A recent article in The Chronicle of Higher Education titled, “A ‘Moneyball’ Approach to College” (or “Colleges Mine Data to Tailor Students’ Experience”)  presents some ways that data mining is being used in higher ed.  At the risk of sounding like someone overly zealous about enforcing the boundaries around obscure specializations, the article for the most part presents examples of mining instructional practice or the “Learning Analytics/Educational Data Mining” approach which is only a subset of the types of data mining or analytics being done in higher ed.  Examples par excellence of this approach to higher ed data mining can be seen in The International Educational Data Mining Society’s journal and presented at their meetings.

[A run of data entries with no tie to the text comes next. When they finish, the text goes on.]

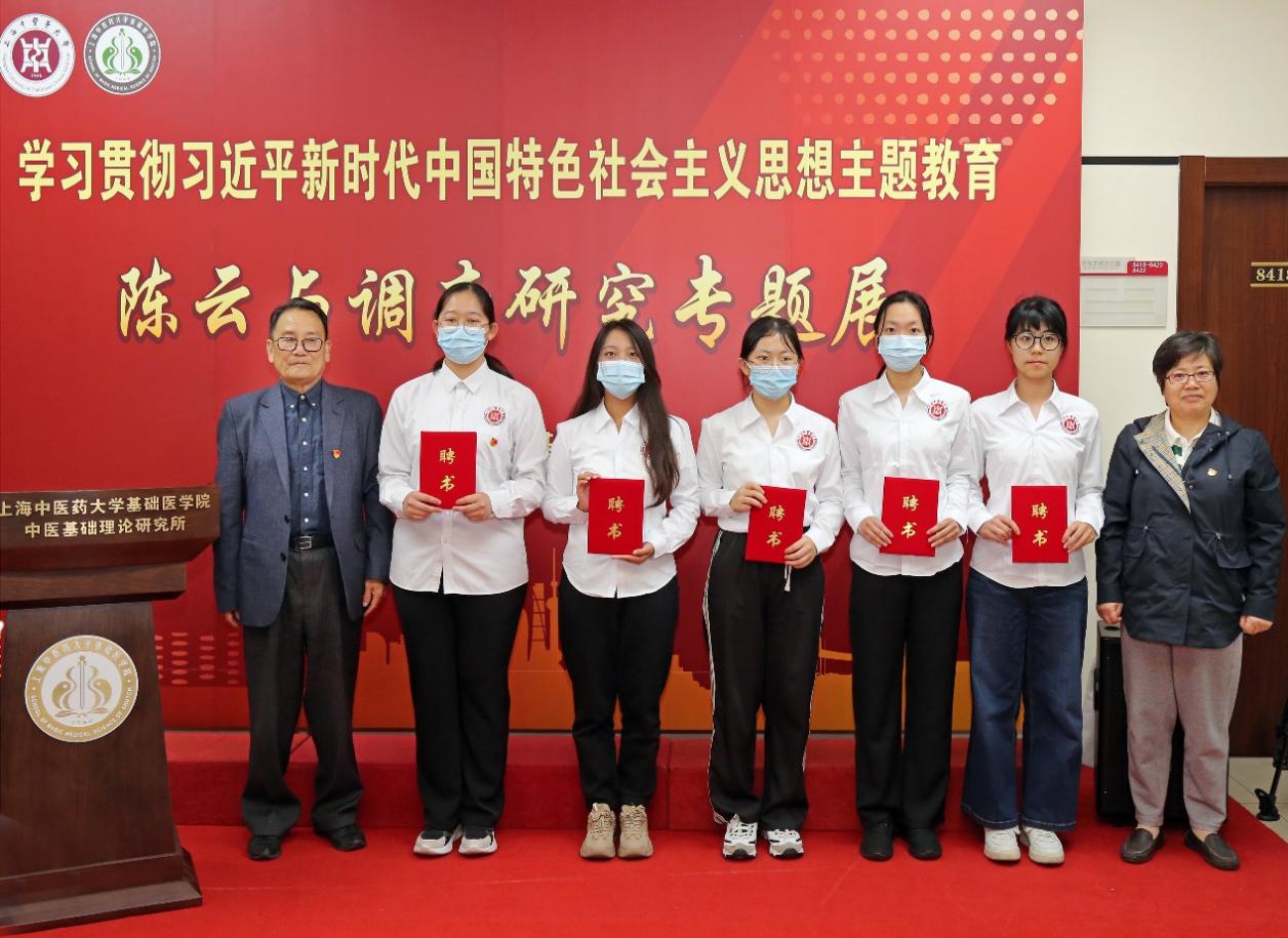 张建中、夏文芳为专题展讲解员颁发聘书。作为天游ty8线路官网与中国中医科学院联合开展“高层次中医人才培养试点专项”的中医学(屠呦呦班)首位学生党员刘睍主动报名加入专题展讲解员队伍,她在发言中谈到:“中医药事业的传承创新发展同样离不开调查研究。正是屠呦呦及其团队在海南疟疾疫区的奔走,才有了青蒿素——这一份中医药献给世界的礼物。作为一名学生党员讲解员,我将深入学习领会习近平总书记关于调查研究的重要论述,讲好陈云等老一辈革命家深入基层调查研究的故事,用好调查研究这个‘传家宝’,努力探寻中医药事业发展的源头活水。”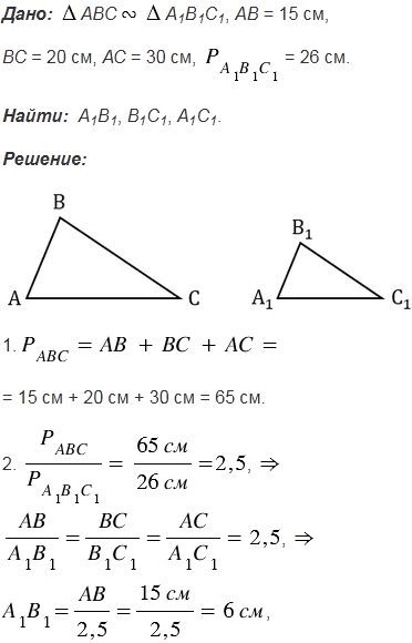 Стороны данного треугольника равны 15 см, 20 см и 30 см. Найдите стороны треугольника, подобного данному, если его периметр равен 26 см.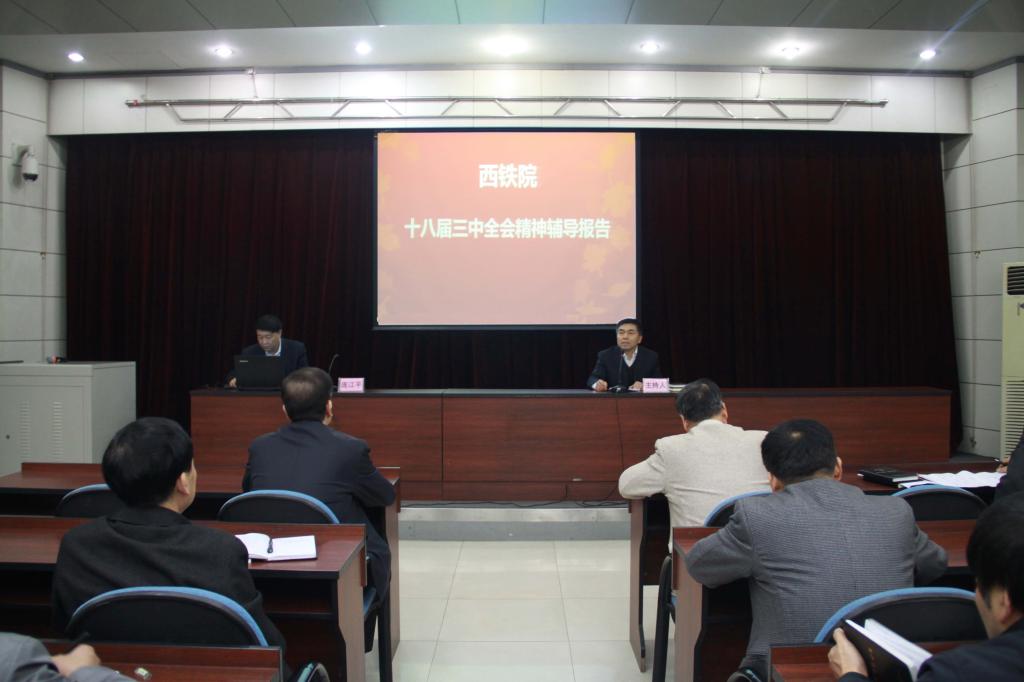 4月2日,yabo鸭脖官网党委邀请西安市委讲师团团长庞江平教授来校进行十八届三中全会精神辅导讲座。院党委领导班子成员和中层干部及机关后勤党总支全体党员参加,讲座由党委副书记、纪委书记黄家昌主持。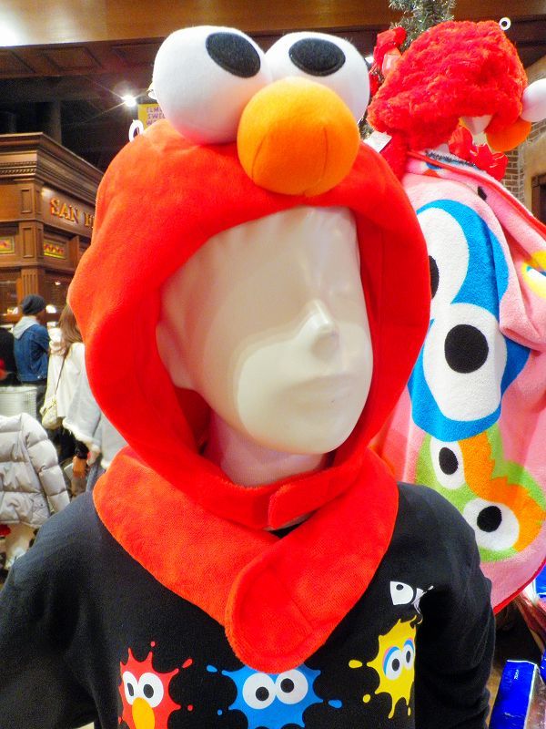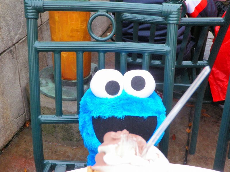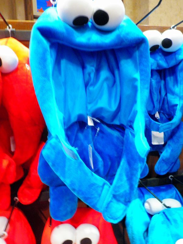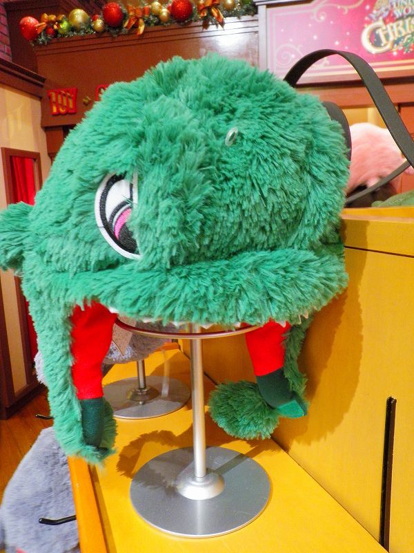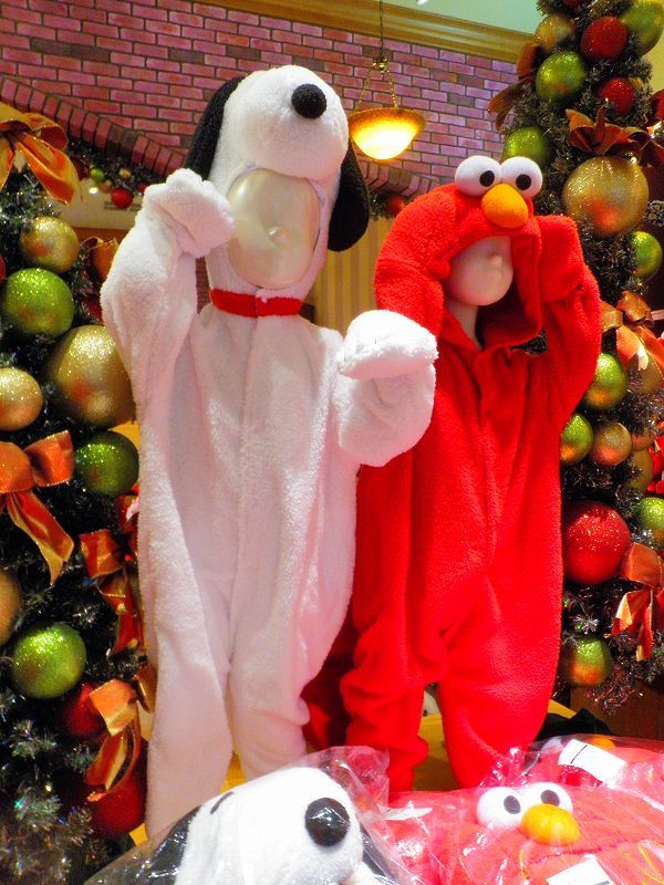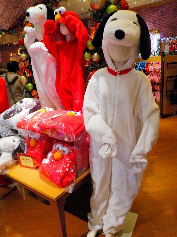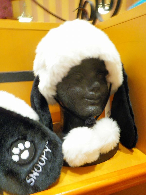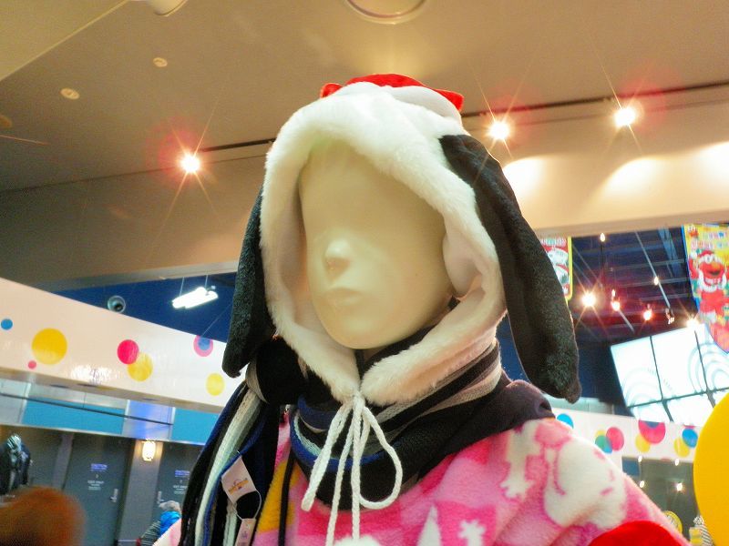 「スヌーピーの被りモノを被った「スノーパーティ・クルー」を撮ってみました♪自分撮りは(ヾノ・∀・`)ムリムリでもって、マネキンが被ってたヤツに本日のお相手「クッキー・モンスター(ボードゲームでの戦利品)」がソフトクリームを食べるの図 (≧ω≦ )プププでわぁ、USJ最新(2012-2013)冬物ファッションの被りモノを一挙ご紹介です・・・※気に入ったのがあれば各自で買ってね♪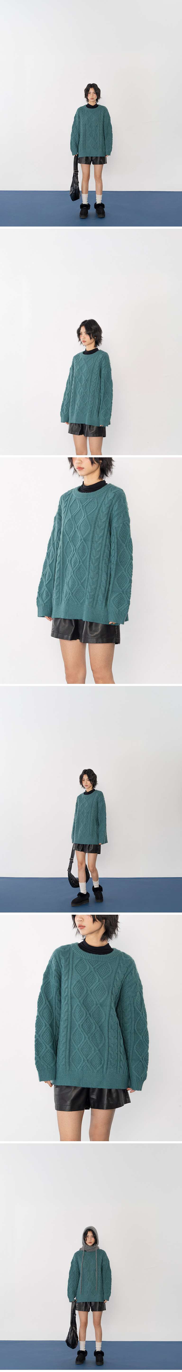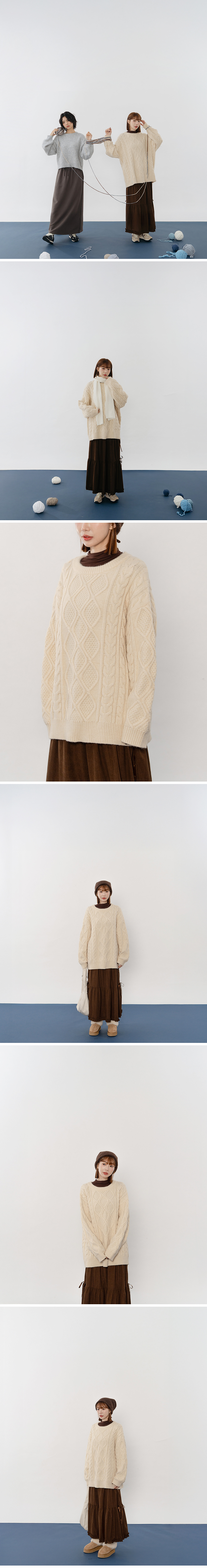 立体麻花造型宽版针织毛衣

Instead of building recommendation engines for courses or analyzing blackboard “clickstreams,” many institutional researchers have been engaged in data mining to deal with some of the perennial questions like yield, enrollment, retention, and graduation – for quite some time.  For example, the professional journal New Directions for Institutional Research  published an entire issue in November 2006 dedicated to data mining in enrollment management.  One of the studies, conducted by Serge Herzog of University of Nevada, Reno, “Estimating Student Retention and Degree-Completion Time” found that data mining techniques such as decision trees and neural nets could be used to outperform tradition statistical inference techniques in predicting student success in certain circumstances.

The author of The Chronicle piece writes that “in education, college managers are doing something similar [to Moneyball] to forecast student success—in admissions, advising, teaching, and more”.  This is true, but it has been going on for a long time and in many more ways than just learning analytics and course recommendation systems.  I guess these institutional researchers who have always done data mining were Moneyball before it was cool.  Does that make them hipsters?